Data Platform: Data Ingestion Engine for Data Lake

In this article, learn how to design and build an automated Data Ingestion Engine based on Spark and Databricks features.

Miguel Garcia

CORE ·

Jul. 22, 21 · Opinion

Likes (6)

Comment

Save

12.7K Views

Introduction

This article is a follow-up to Data Platform as a Service. In this case, I will describe how to design and build an automated Data Ingestion Engine based on Spark and Databricks features.

The most important principle to design a Data Ingestion Engine is to follow an automation paradigm. Automation provides a set of key advantages to be successful, some of them are in the following diagram:

There are several questions that we have to ask ourselves before starting:

What is the goal?
What does automation mean in our case?
How much time and/or effort can we save with this automation?
What is the value of this automation to our users and/or product?
Are there open-source/commercial tools available to get the goal? Do we have to develop a new one?

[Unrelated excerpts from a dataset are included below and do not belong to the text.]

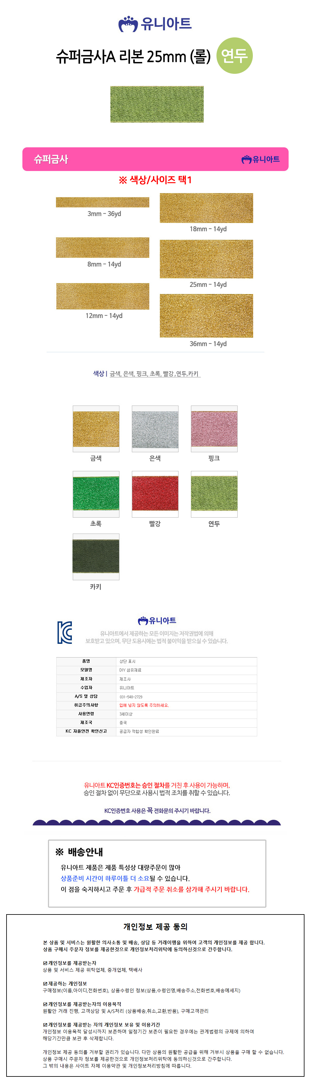 유니아트(리본) 7000 슈퍼금사A 리본 25mm (연두) (롤)
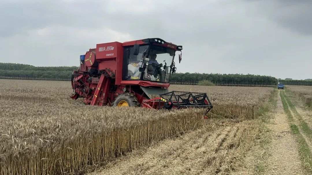 记者看到,农机在地里驰骋,拉麦车也开进了麦田。一台收割机的谷仓容量是3000斤,大约每收割两三亩地,农机手就需要把收割机里的麦子卸下来。金色的麦粒从收割机里倾泻而下,农民张婷婷抓起一把查看,喜笑颜开:“这麦子终于全部收上来了,心里踏实了!”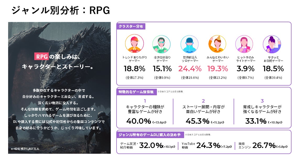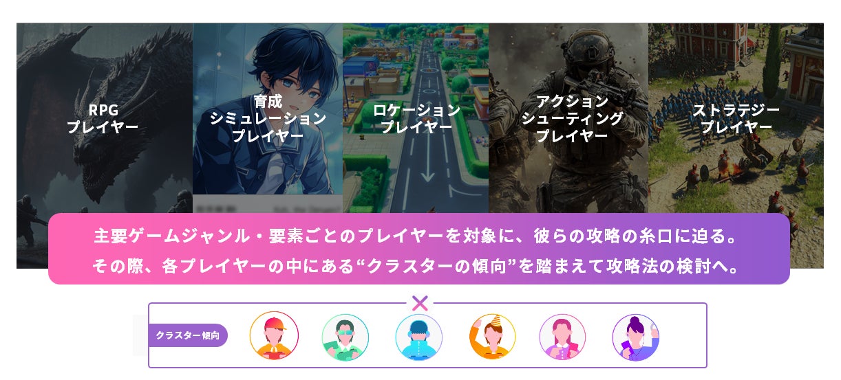 ・主要ゲームジャンル(5つ)・要素ごとのプレイヤーを対象に、彼らの攻略の糸口に迫り、各プレイヤーの中にある“クラスターの傾向”を踏まえて攻略法の検討を実施。

What Is Automation in Our Case?

By definition, automation means "the use of machines and computers that can operate without needing human control." We are in a software environment; a data pipeline will be an automated computer process, therefore, in our case, "automation" means much more than that.

In this scenario, an automated process means that we don't have to develop a data pipeline for each new dataset. For example, If we need to push data from Kafka to a Data Lake or Data Warehouse as shown in the diagram:

Manually: We need to develop and deploy a new connector or java application with specific logic for each new topic.
Automated process: By configuration (GitOps, WebService portal), we can activate the replication of any topic to the Data Lake.

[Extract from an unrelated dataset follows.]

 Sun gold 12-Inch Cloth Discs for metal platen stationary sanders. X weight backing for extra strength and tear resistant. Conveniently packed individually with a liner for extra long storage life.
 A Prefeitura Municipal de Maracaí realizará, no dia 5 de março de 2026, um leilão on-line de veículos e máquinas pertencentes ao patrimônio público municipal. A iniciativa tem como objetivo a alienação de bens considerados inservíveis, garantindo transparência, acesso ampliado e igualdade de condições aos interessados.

It can be a simple scenario or a very complex one because each topic can have a different kind of data, features, and behaviors such as:

Avro, JSON, Binary, etc.
Message split.
Encrypt/Decrypt attributes.
Incremental data with only appends.
Incremental data with the update and remove operations.

Traditionally, in many companies, there are ETL teams that develop custom ETL for each data set, regardless of the case complexity. We need to avoid this kind of solution and work to design automated and standard processes. ETLs have some important challenges such as:

How to calculate the incremental load between the last data load and now. This is known as DELTA. The most complicated scenario is to detect deletions in a table. Usually, this requires action by the owner of the table such as implement logical deletes or control tables.
It is not easy to get good performance with big tales, in terms of pipeline duration.
They have a higher impact on the performance of the database.

How Much Time and/or Effort Can We Save With Automation?

When we design and build a Data Platform, we always need to evaluate if automation provides enough value to compensate the team effort and time. Time is the only resource that we can not scale. We can increase the team, but the relationship between people and productivity is not direct.

Sometimes when a team is very focused on the automation paradigm, people want to automate everything, even actions that only require one time or do not provide real value.

User needs evolve continuously, and new use cases are coming up. We must evaluate very carefully each one below:

What is the probability to have more use cases like this in the future?
What is the effort to add to the automated solution vs custom development?
How much custom development do we have? More custom developments mean more a more complex operation of our Data Platform.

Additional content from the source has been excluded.